Suni and me have had this idea for a while, but neither of us knew exactly how to get it off the ground. Every time we started to write this, it came off as weird, didn't mesh right, or was just downright stupid. I think I've found the answer. Details are detailed below. Also, you guys may be confused as to Word Girl's age.

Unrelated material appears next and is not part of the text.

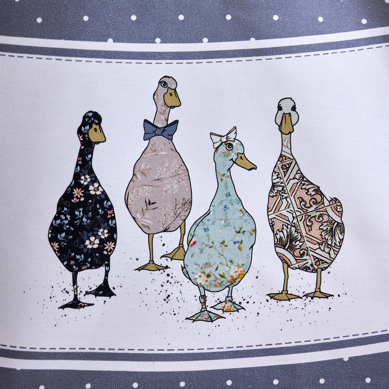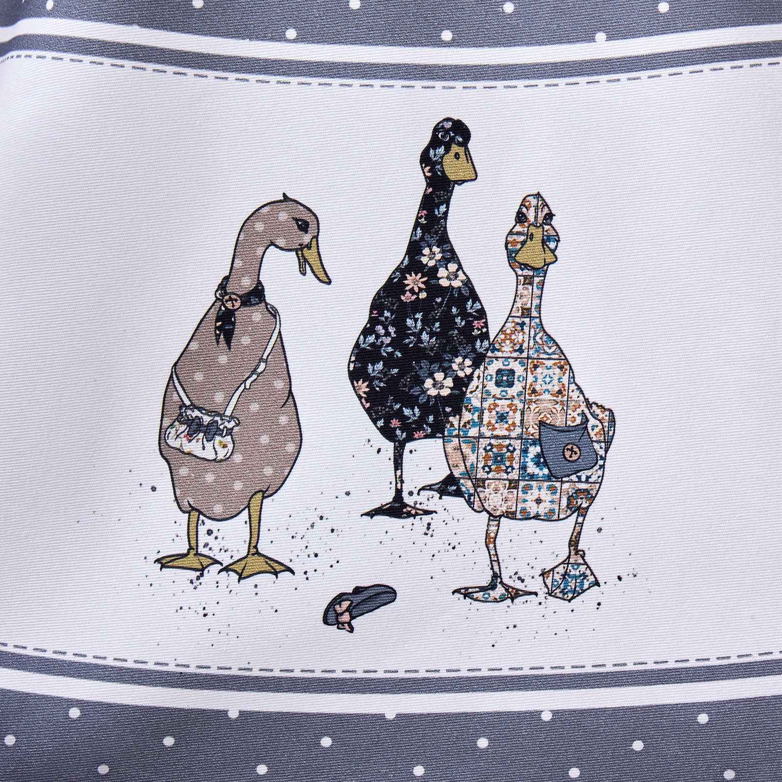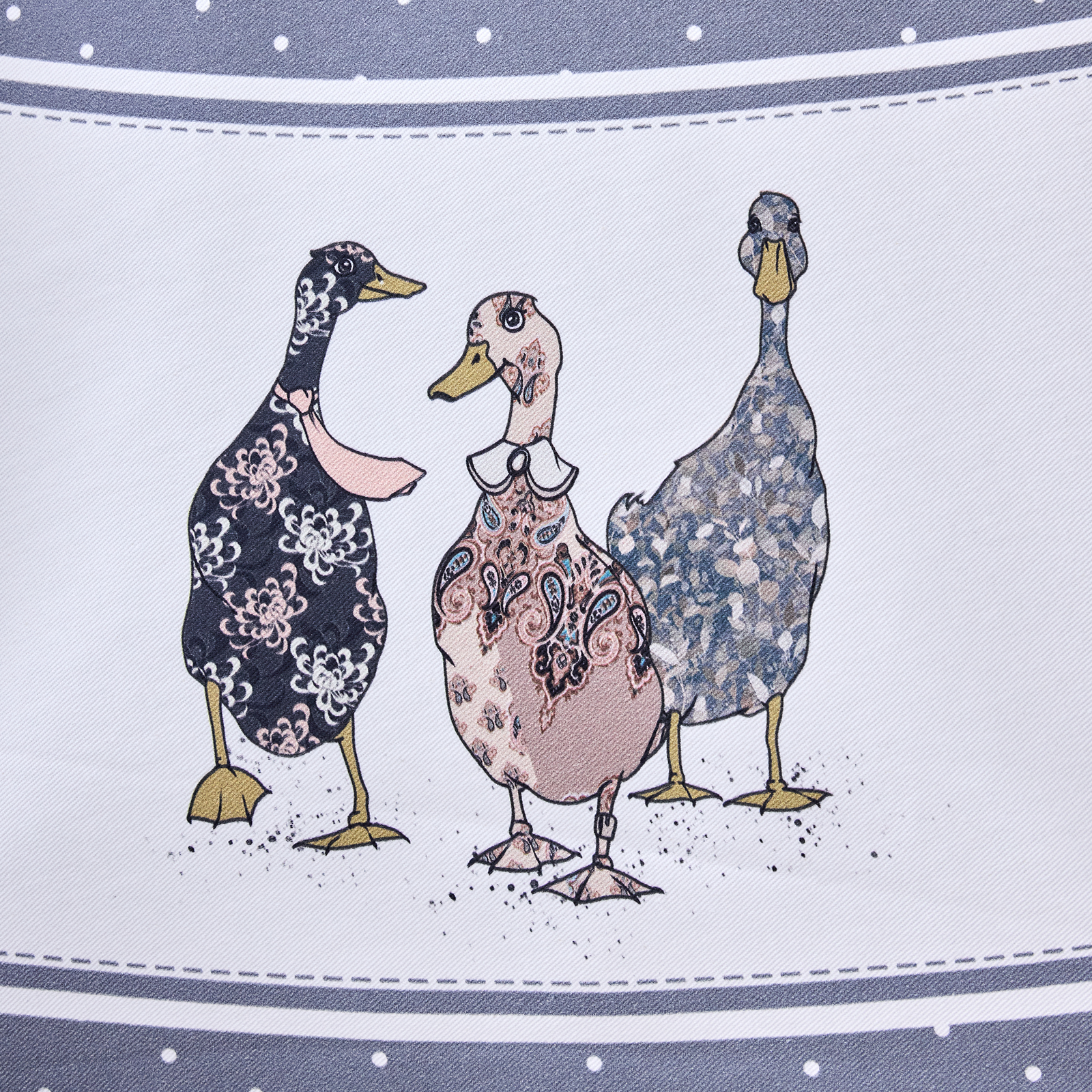 Дизайн в синем цвете с мелким горохом, дополненный декоративной вставкой с изображениями уток и гусей по нижнему краю, придаёт интерьеру оригинальность и уют. Такой принт гармонично впишется как в классическую, так и в современную кухню или столовую.

-She was ten and a half when the show started.
-Within the first month- this may have even been the debut episode- Word Girl celebrated a birthday. Since she was already ten and a half, this makes her eleven. (This may not have happened in-series, but it did in this story. Also, since this is a Word Girl/Wild Kratts crossover, let's not let the other faction spoil anything for the other show's viewers, eh?)
-Recently, she celebrated another birthday in "Be Careful What You Wish For" (I think that was the title, but I can't remember). Since she turned eleven (like two years ago, "lol") already, this makes her twelve.

Just to clarify:
All the children in Word Girl of comparable age are twelve. Also:
-I've reverted Chris and Martin to their Kratt's Creatures ages of 25 (Chris) and 29 (Martin). Suni has them at 23 and 27 most of the time, but I think she did the math wrong (quite likely).
-I've always assumed Zach to be of comparable age to the Kratts. Given he was almost as tall as Martin was when they showed the childhood flashback in "Tazzy Chris", I'd put him at around 26-28. I have him at the happy medium of 27.
-Donita, I've always though, is a bit older, perhaps 30-35. Dabio; I can't really tell. He's too childish.
-Gourmand is clearly older, probably 45-55.
-Given the maturity and confidence levels displayed by the Wild Kratts crew, I'd say Jimmy is about 18-21, Aviva is 21-25, and Koki is around 25-30.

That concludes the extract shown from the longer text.